MATERIALS AND METHODS

The study population comprised 358 LT patients with established HCV-recurrence followed at the Hepatology Outpatient Clinic of Semeiotica Medica Unit, S. Orsola-Malpighi Hospital, University of Bologna, Italy and at the Department of Hepatology and Gastroenterology, Niguarda Hospital, Milan, Italy.

Patients were transplanted between January 1989 and December 2010, and most (73.5%) were at the Liver Transplant Centre in Milan. Study population characteristics are shown in Table 1.

Table 1 Study population characteristics n (%).
n358
Gender (M/F)281 (78.5)/77 (21.5)
Age at LT (yr, mean ± SD)52 ± 9
Donor age (yr, mean ± SD)53 ± 17
HCV Genotype
1212 (59.2)
248 (13.4)
357 (15.9)
441 (11.5)
Immunosuppression
Cyclosporine269 (75.1)
Tacrolimus83 (23.2)
Other regimens6 (1.7)
Antiviral therapy after LT
Treated150 (41.9)
Untreated208 (58.1)

HCV-recurrence after LT was defined in all cases by the positivity (> 50 IU/mL) of serum HCV-RNA and histological evidence of hepatitis at liver biopsy. Liver biopsies were evaluated by experienced pathologists using Ishak’s scoring system[20].

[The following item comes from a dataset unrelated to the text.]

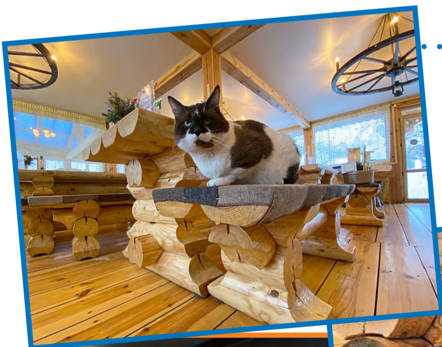
Рисунок Ревинской Ксении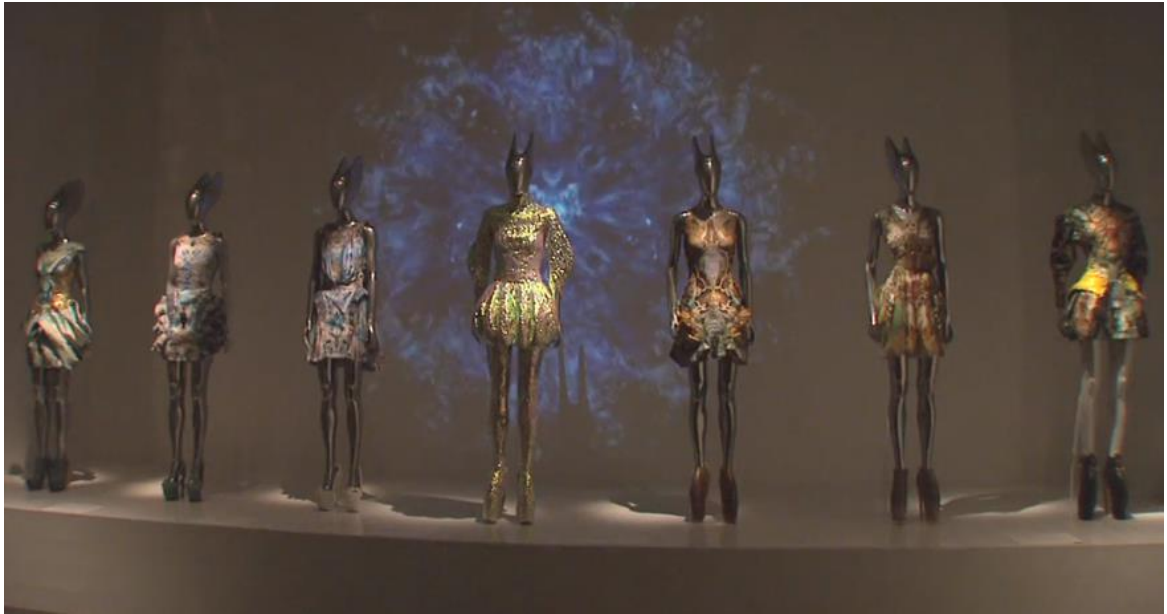
Figura 2-29: Sala Plato's Atlantis de la exposición Savage Beauty del Met 2011

For patients who underwent antiviral therapy, treatment consisted of IFN-α (either Peg- or not) in association with RBV in all cases with an intended duration of 48 wk of treatment. The type of virological response to treatment was established as a SVR or non-response (NR). SVR was defined as undetectable serum HCV-RNA 24 wk after discontinuation of treatment. The NR group included all non-SVR patients.

Statistical analysis

All sample data were encoded by a physician trained in statistics and data were included in a dedicated database.

Full descriptive statistical analysis was carried out on all evaluated parameters. Data are expressed as the mean ± SD or as median and range, where more appropriate and as indicated. Confidence intervals (CI) are presented whenever appropriate. The significance of differences between variables was calculated with nonparametric tests. A χ2/Fisher’s exact test was used for categorical variables. A Kruskal Wallis’ test was used for continuous variables.

Survival analysis was performed at 10 years after LT using the Kaplan-Meier method, and a log-rank test was used to compare groups. A P level less than 0.05 was considered significant for all tests. Multivariate analysis of the predictive role of different variables on 10-year survival was performed by stepwise Cox logistic regression (variables were entered if P < 0.1 and were removed if P > 0.05). SPSS® software version 17.0 (MJ Norusis, Chicago, United States) was used to perform all statistics.

RESULTS

The 10-year cumulative survival of all patients included in the study was 61.2% (Figure 1A). In the post-LT period, 150 patients (41.9%) were treated with antiviral therapy while 208 were not. Treated and untreated patients had a similar mean age (52 ± 8 years vs 52 ± 9 years, P = NS) and were also comparable for gender, donor age and viral genotype. Regarding the type of immunosuppression, cyclosporine was administered more frequently among untreated patients (Table 2).

Figure 1
Figure 1 Kaplan-Meyer survival analysis of the entire population (A) and the treated and untreated patients (B).
Table 2 Characteristics of treated and untreated patients n (%).
TreatedUntreatedχ2/Mann Whitney-U
n150208
Gender (M/F)120/30161/47P = NS
Age at LT (yr, mean ± SD)52 ± 852 ± 9P = NS
Donor age (yr, mean ± SD)53 ± 1753 ± 17P = NS
HCV genotypeP = NS
197 (64.7)115 (55.3)
216 (10.7)35 (16.8)
325 (16.6)35 (16.8)
412 (8.0)23 (11.1)
ImmunosuppressionP = 0.011
Cyclosporine102 (68.0)165 (79.3)
Tacrolimus46 (30.7)39 (18.8)
Other regimens2 (1.3)4 (1.9)

Sixty-three of 150 treated patients (42%) achieved a SVR.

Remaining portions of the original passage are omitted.